--- Records ---

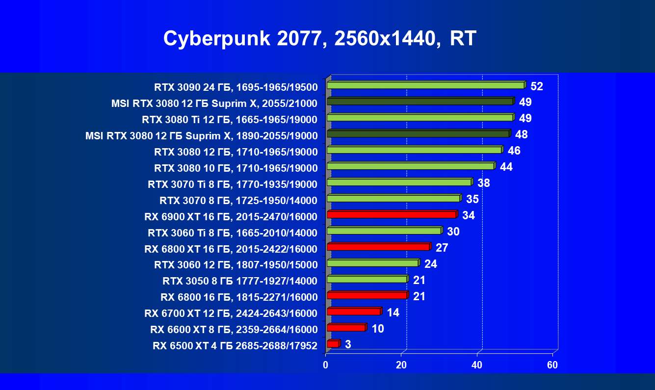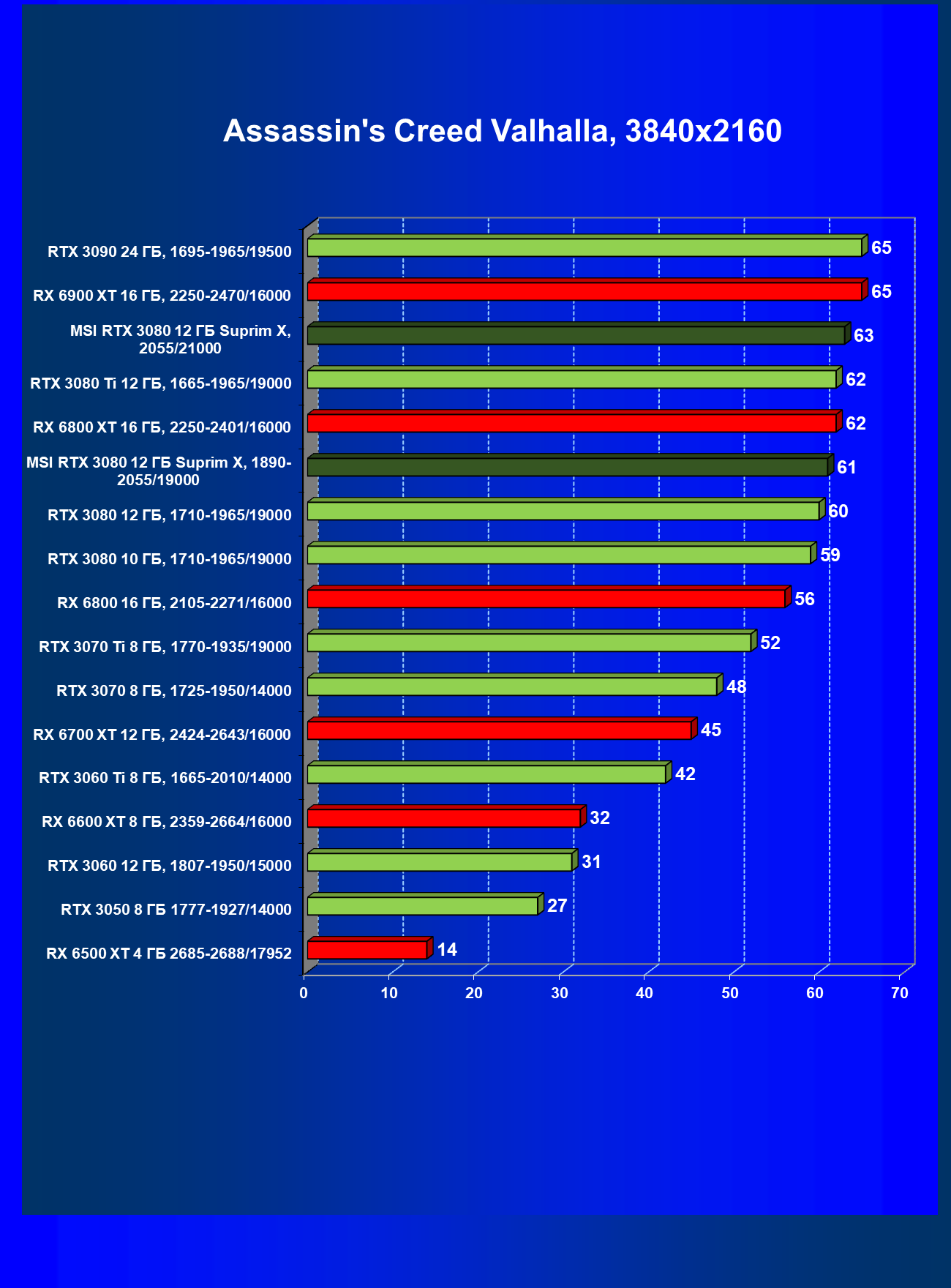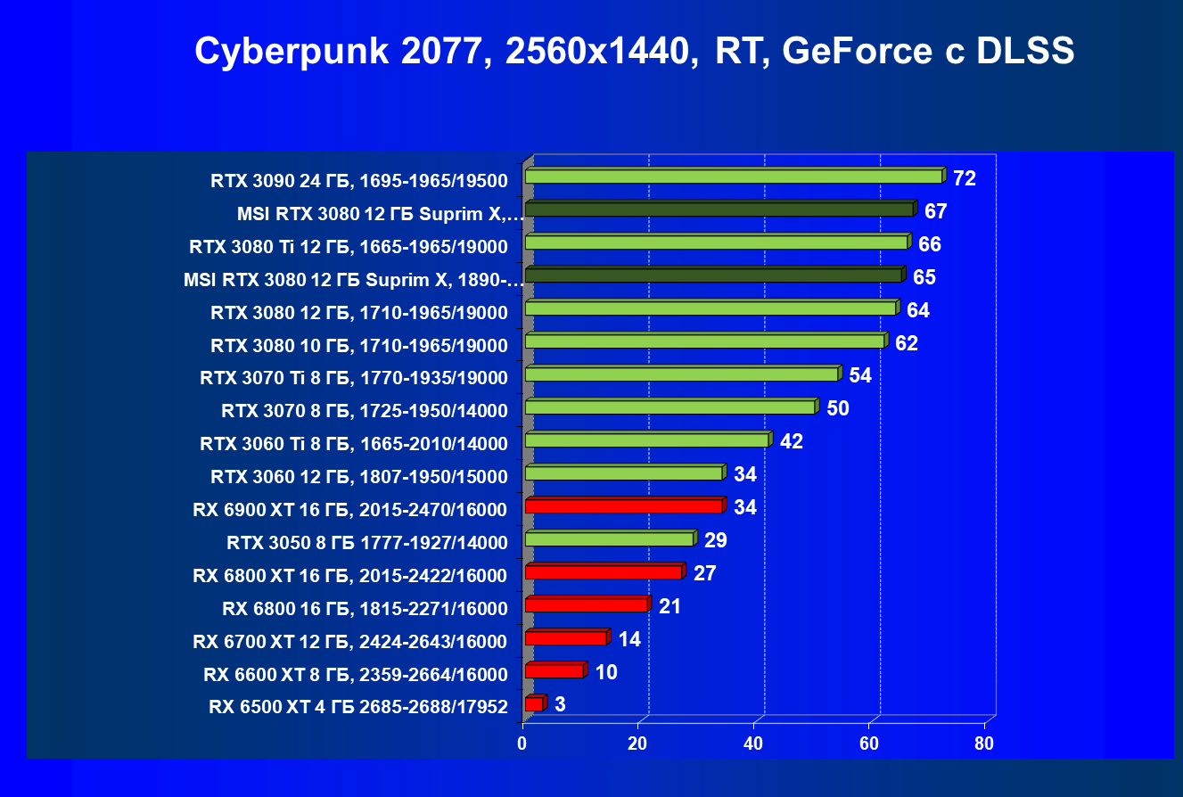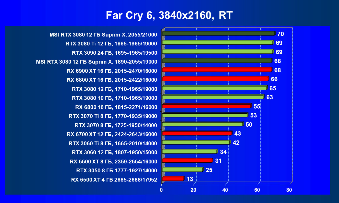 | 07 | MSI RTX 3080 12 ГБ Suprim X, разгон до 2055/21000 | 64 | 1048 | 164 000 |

---
--- Records ---

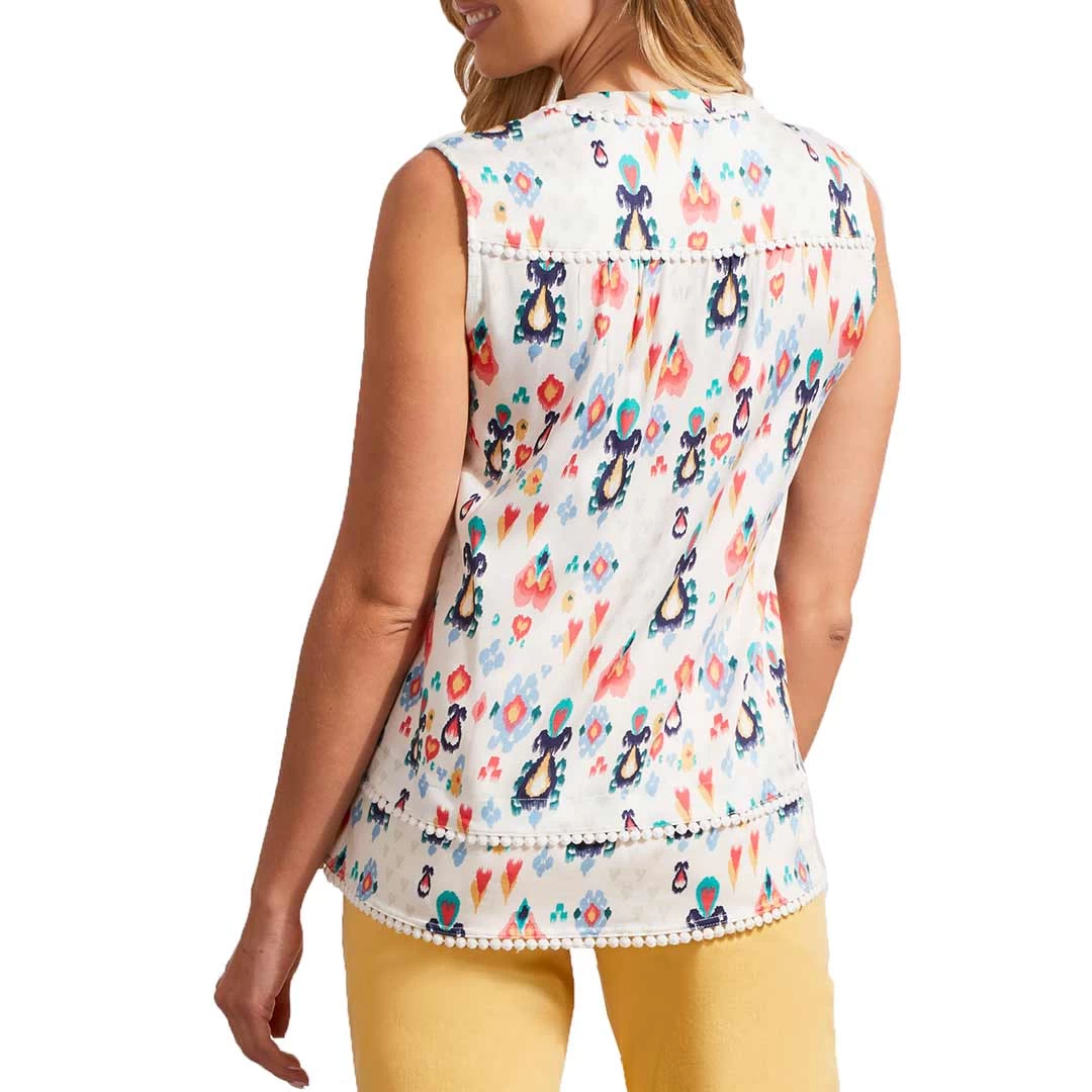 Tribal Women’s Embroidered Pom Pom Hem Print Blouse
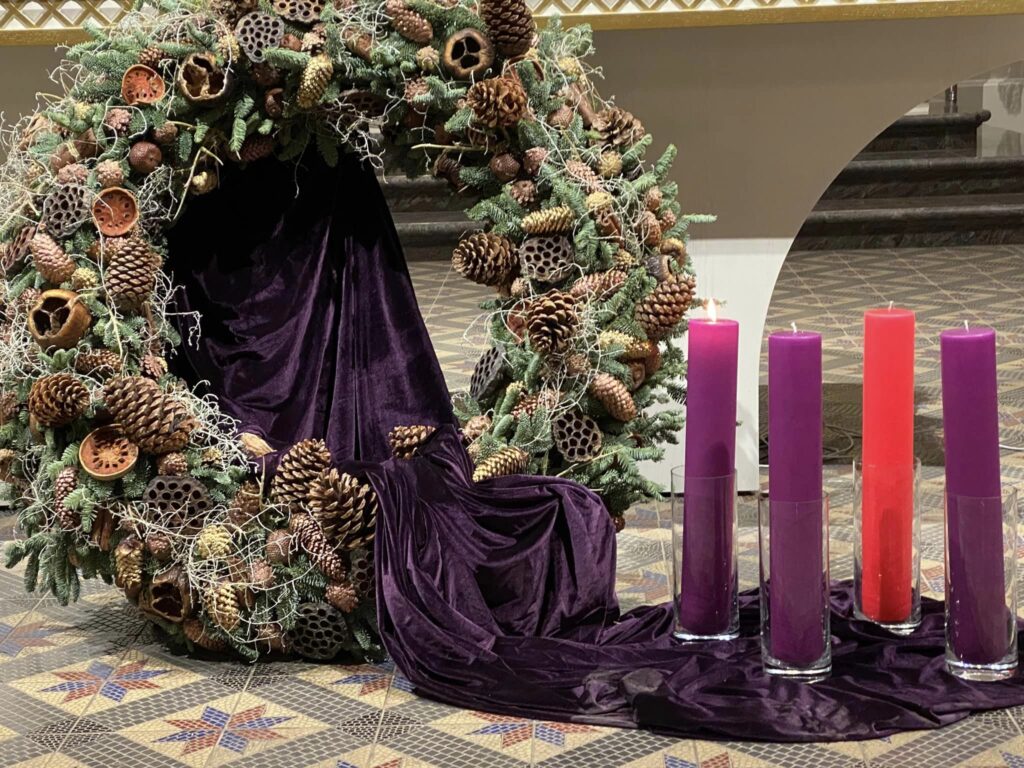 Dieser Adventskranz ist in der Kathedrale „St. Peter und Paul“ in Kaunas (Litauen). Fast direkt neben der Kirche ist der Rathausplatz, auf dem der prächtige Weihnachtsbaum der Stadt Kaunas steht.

---
--- Records ---

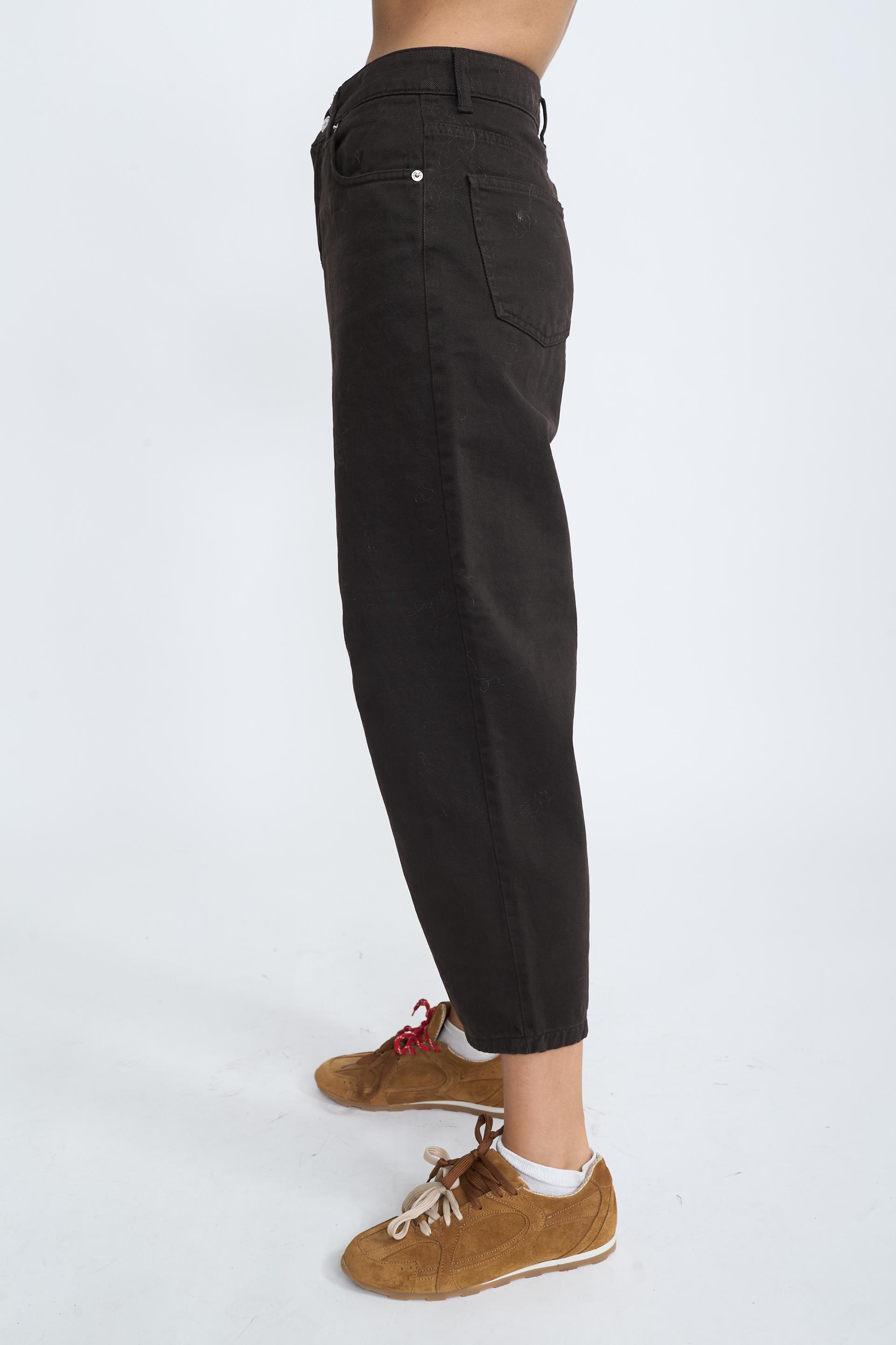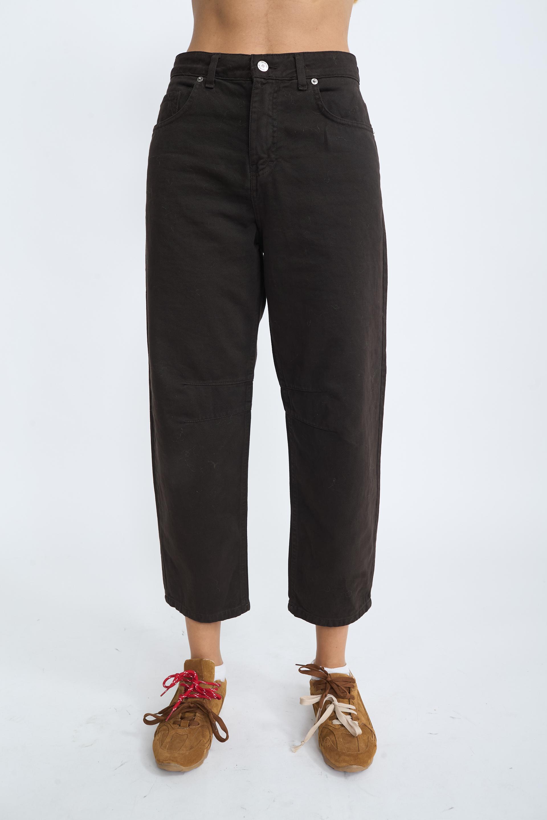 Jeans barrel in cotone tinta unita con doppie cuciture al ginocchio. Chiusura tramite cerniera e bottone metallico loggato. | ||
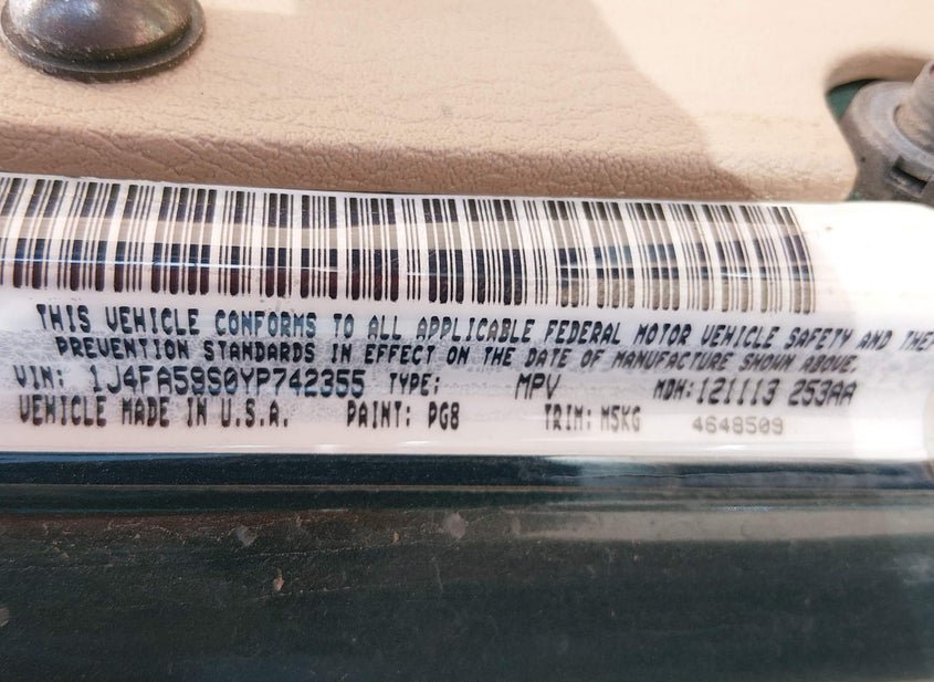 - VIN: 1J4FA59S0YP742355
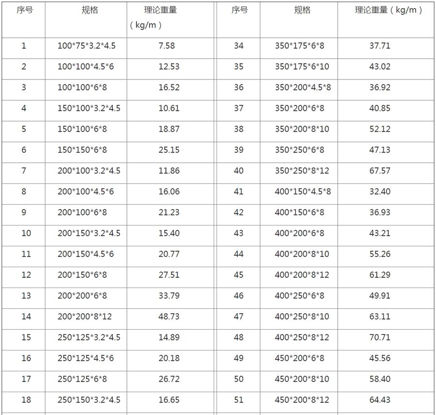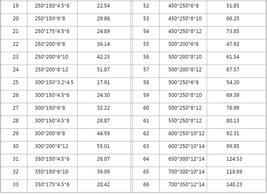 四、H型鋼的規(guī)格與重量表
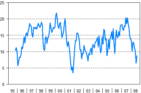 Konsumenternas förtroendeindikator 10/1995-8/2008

---

The answer must be the part of the records that opens with the line containing "Jeans barrel in" and closes with the line containing "Konsumenternas förtroendeindikator 10/1995-8/2008", reproduced exactly, with no pictures.

### Worked solution
 Jeans barrel in cotone tinta unita con doppie cuciture al ginocchio. Chiusura tramite cerniera e bottone metallico loggato. | ||
 - VIN: 1J4FA59S0YP742355
 四、H型鋼的規(guī)格與重量表
 Konsumenternas förtroendeindikator 10/1995-8/2008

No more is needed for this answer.